TASK ITEM -
Retype, word for word, the line holding "王希勤等与巴黎综合理工大学教务长弗兰克·帕卡德会谈。巴黎综合理工大学 供图" and each line after it down to the end of the data; pictures are not copied.

COLLECTED DATA -
_ _ _ _ _
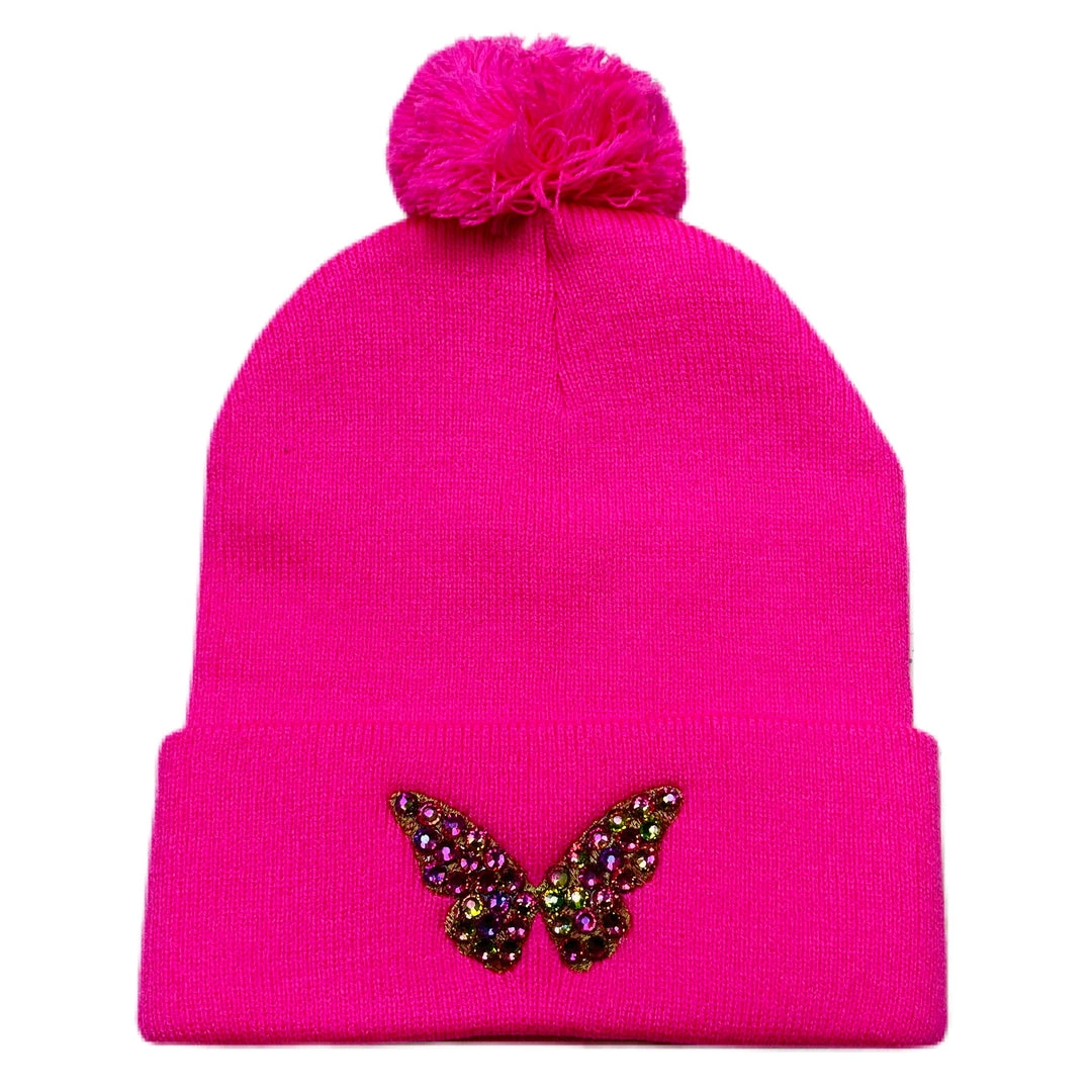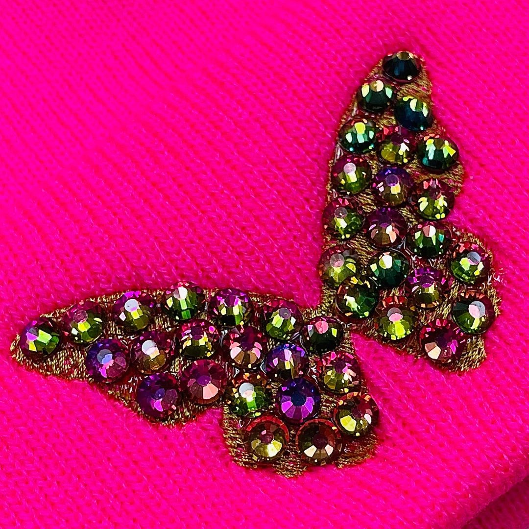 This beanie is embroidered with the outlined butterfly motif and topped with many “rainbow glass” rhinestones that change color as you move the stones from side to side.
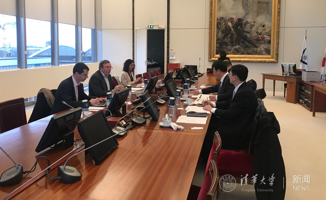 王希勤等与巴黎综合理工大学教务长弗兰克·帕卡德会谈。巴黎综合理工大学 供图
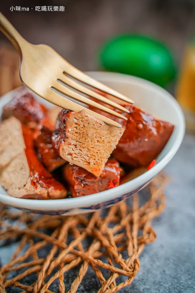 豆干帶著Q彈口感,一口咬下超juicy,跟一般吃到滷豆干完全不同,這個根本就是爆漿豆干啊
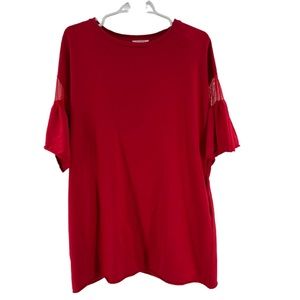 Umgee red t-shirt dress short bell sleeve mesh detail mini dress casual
_ _ _ _ _
RESULT OF THE EXERCISE -
 王希勤等与巴黎综合理工大学教务长弗兰克·帕卡德会谈。巴黎综合理工大学 供图
 豆干帶著Q彈口感,一口咬下超juicy,跟一般吃到滷豆干完全不同,這個根本就是爆漿豆干啊
 Umgee red t-shirt dress short bell sleeve mesh detail mini dress casual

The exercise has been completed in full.